Stable Audio Open Usage Guide¶
This guide provides instructions for running Stable Audio Open text-to-audio generation using vLLM-Omni.
Supported Models¶
- stabilityai/stable-audio-open-1.0: Text-to-Audio generation (44.1kHz, up to ~47s audio)
Installing vLLM-Omni¶
uv venv
source .venv/bin/activate
uv pip install vllm==0.14.1
uv pip install git+https://github.com/vllm-project/vllm-omni.git
For audio file saving, install one of these packages:
The CLI examples below are from the vLLM-Omni repo. If you want to run them directly, clone that repo and run the scripts from its examples/offline_inference directory.
Text-to-Audio Generation¶
Basic Usage¶
import torch
import soundfile as sf
from vllm_omni.entrypoints.omni import Omni
omni = Omni(model="stabilityai/stable-audio-open-1.0")
generator = torch.Generator(device="cuda").manual_seed(42)
audio = omni.generate(
"The sound of a dog barking",
negative_prompt="Low quality.",
generator=generator,
guidance_scale=7.0,
num_inference_steps=100,
extra={
"audio_start_in_s": 0.0,
"audio_end_in_s": 10.0,
},
)
# Save audio output
audio_data = audio[0].cpu().float().numpy().T # [samples, channels]
sf.write("output.wav", audio_data, 44100)
CLI Usage¶
python examples/offline_inference/text_to_audio/text_to_audio.py \
--model stabilityai/stable-audio-open-1.0 \
--prompt "The sound of a dog barking" \
--audio-length 10.0 \
--num-inference-steps 100 \
--guidance-scale 7.0 \
--output dog_barking.wav
More Examples¶
# Generate a piano melody
python examples/offline_inference/text_to_audio/text_to_audio.py \
--prompt "A piano playing a gentle melody" \
--audio-length 15.0 \
--output piano_melody.wav
# Generate ambient sounds with negative prompt
python examples/offline_inference/text_to_audio/text_to_audio.py \
--prompt "Thunder and rain sounds" \
--negative-prompt "Low quality, distorted" \
--audio-length 20.0 \
--output thunder_rain.wav
# Generate multiple waveforms
python examples/offline_inference/text_to_audio/text_to_audio.py \
--prompt "A bird singing in the forest" \
--num-waveforms 3 \
--output bird_singing.wav
Key Parameters¶
| Parameter | Default | Description |
|---|---|---|
audio_start_in_s |
0.0 | Audio start time in seconds |
audio_end_in_s |
10.0 | Audio end time in seconds |
audio_length |
10.0 | Audio duration (CLI convenience, sets end time) |
num_inference_steps |
100 | Number of denoising steps |
guidance_scale |
7.0 | Classifier-free guidance scale |
negative_prompt |
"Low quality." | Text describing unwanted audio characteristics |
num_waveforms |
1 | Number of audio samples to generate per prompt |
sample_rate |
44100 | Output sample rate in Hz |
seed |
42 | Random seed for reproducibility |
Notes¶
- Maximum audio length: 47 seconds for stable-audio-open-1.0.
- Output format: Stereo audio at 44.1kHz sample rate.
- Inference steps: Higher
num_inference_stepsproduces better quality but takes longer. The diffusers default is 200; vLLM-Omni example uses 100 for faster generation. - Negative prompts: Use to guide the model away from undesirable characteristics (e.g., "Low quality, distorted").
- Model size: Approximately 1.2 billion parameters.
Limitations¶
- No realistic vocals: The model cannot generate realistic singing or speech.
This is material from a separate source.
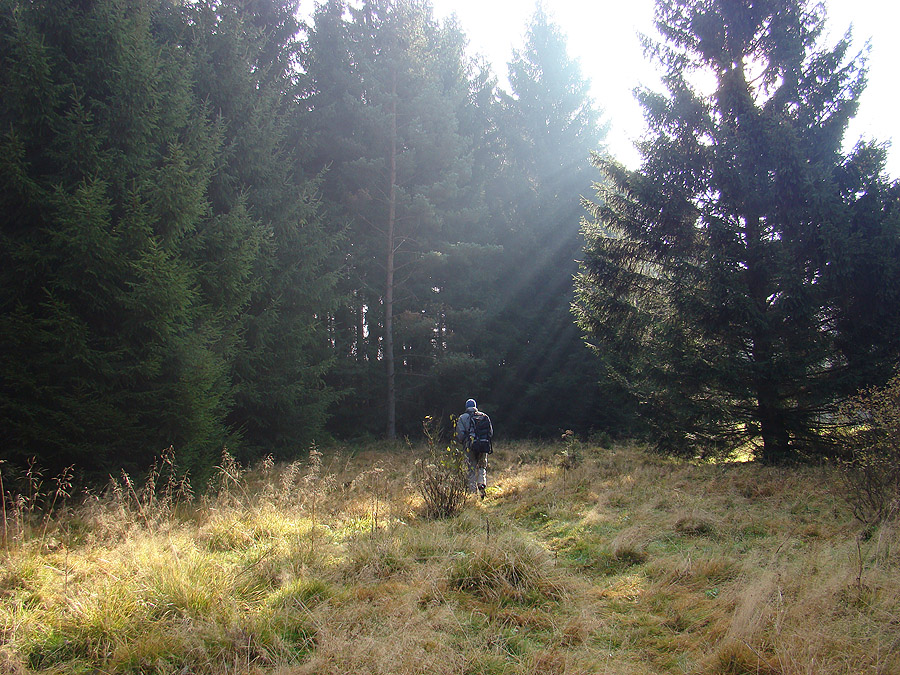 první pohled z roští na areál nejzápadnějšího bodu ČR |
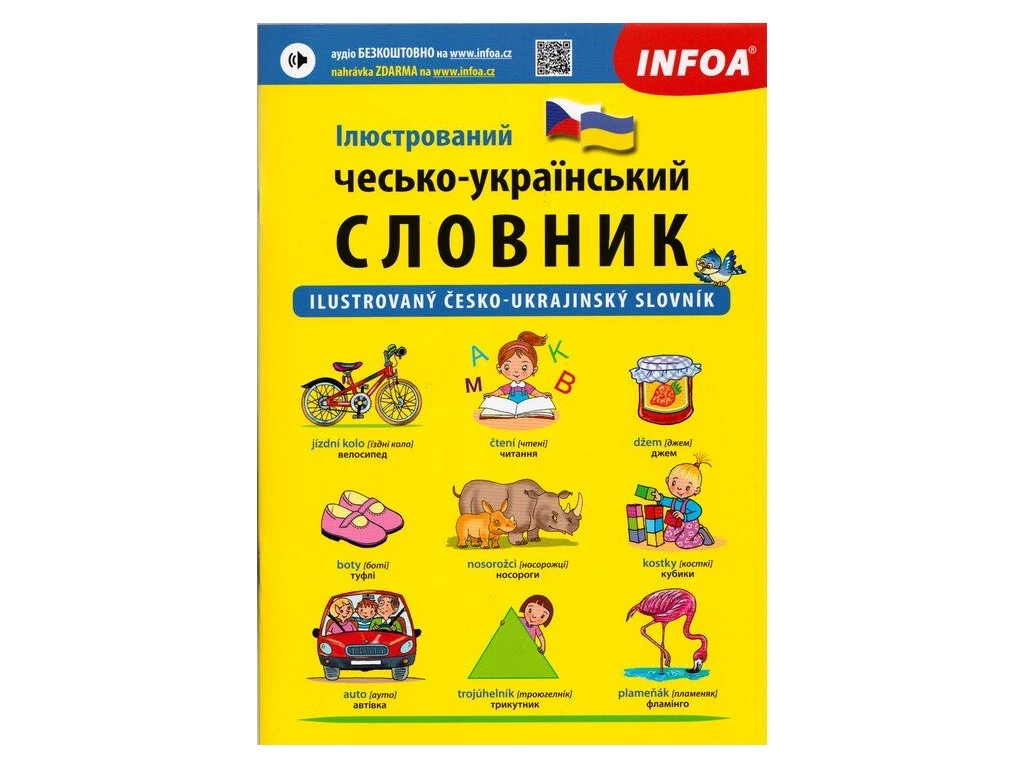 Plný název: Ілюстрований чесько-український словник / Ilustrovaný česko-ukrajinský slovník. Ilustrovaný slovník je určený všem, jejichž rodným jazykem je ukrajinština a chtějí se naučit základní česká slovíčka. Slovník je uspořádaný do 23 kapitol, ve kterých se čtenáři v obou jazycích seznámí se slovy z každodenního života. K dispozici je zdarma ke stažení nahrávka českých slov pro nácvik správné výslovnosti.Doplňkové parametry

- English only: Trained on English descriptions; performance degrades with other languages.
- Sound effects over music: Better at generating sound effects than complex music.
- Prompt engineering: May require experimentation with prompts for optimal results.
License¶
Stable Audio Open is released under the Stability AI Community License. Commercial use requires a separate license from Stability AI.